Targeting culture criteria to maximize culture positivity of Neisseria gonorrhoeae in three sexual health clinic settings.

2021 
BACKGROUND: While most gonorrhea (GC) cases in the US are detected using nucleic acid amplification tests (NAATs), isolation of Neisseria gonorrhoeae (NG) using culture specimens is needed for antibiotic susceptibility testing (AST). We present data on NAATs and cultures collected before and during the CDC demonstration project (SURRG) to describe a process to define culture criteria for NG isolation for surveillance of NG with reduced susceptibility. METHODS: For STI clinics in New York City, NY, San Francisco, CA, and Milwaukee, WI, we calculated NAAT positivity by anatomic site in 2016 (pre-SURRG) across three groups: 1) sex partners of persons with GC; 2) patients with symptoms (e.g., urethral or cervical discharge); 3) patients who had tested positive and were returning for GC treatment, and compared it with positivity among all other patients.

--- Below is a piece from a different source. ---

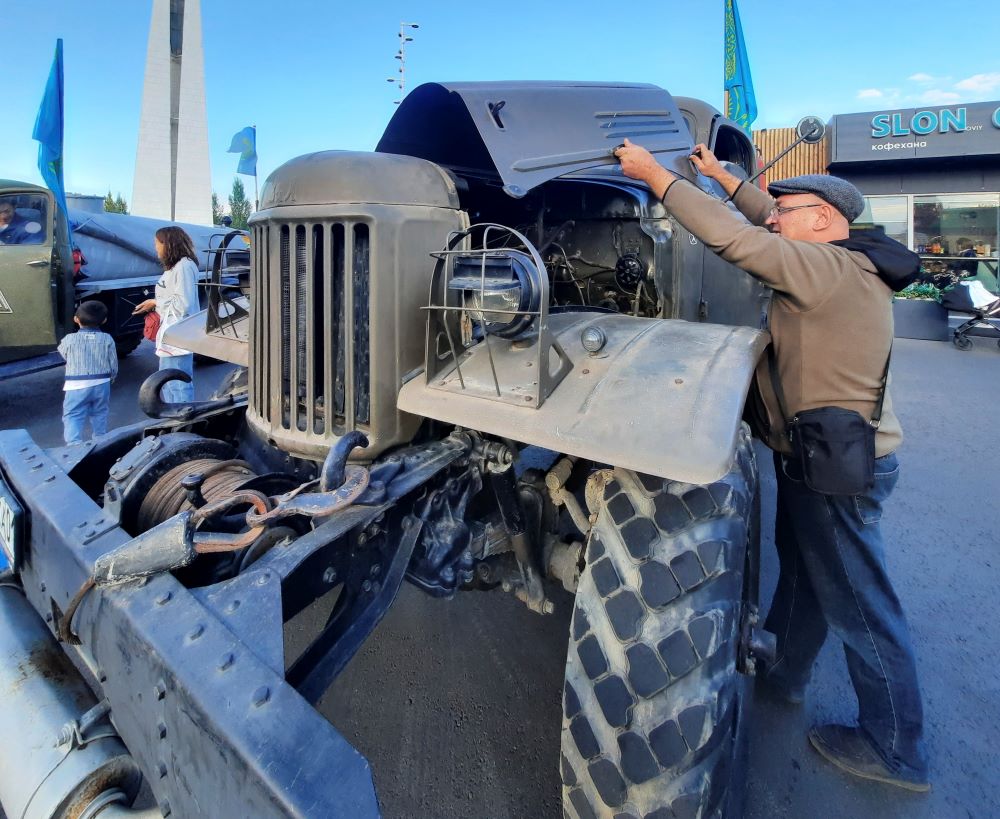 Не меньший интерес у посетителей выставки вызвала и автолавка промтоваров на шасси грузовика ГАЗ-51. Эмблема на двери водителя сообщает о том, что машина была приписана к дорожному управлению рабочего снабжения Целинной железной дороги и обслуживала станцию Целиноград. Владимир Ильченко, владелец передвижной лавки, считает, что главное достоинство советского автопрома – в его простоте и надежности.

We then examined SURRG-period NAAT positivity among patients from whom a culture was or was not collected, and culture positivity, by specimen site and jurisdiction. RESULTS: Pre-SURRG, NAAT positivity across the three select groups was at least twice that of patients who did not meet any criteria. SURRG-period NAAT positivity was higher among patients from whom a culture was also collected. Overall culture positivity was relatively high (NYC:34.8%, SF:26.7%, Milwaukee:24.8%); the proportion of specimens tested widely varied (range 5.7%-26.5%) by jurisdiction. CONCLUSIONS: NAAT data evaluation can inform the establishment of criteria for culture collection for AST. Routine evaluation and quality improvement activities related to culture collection/isolation techniques could increase NG isolation for AST.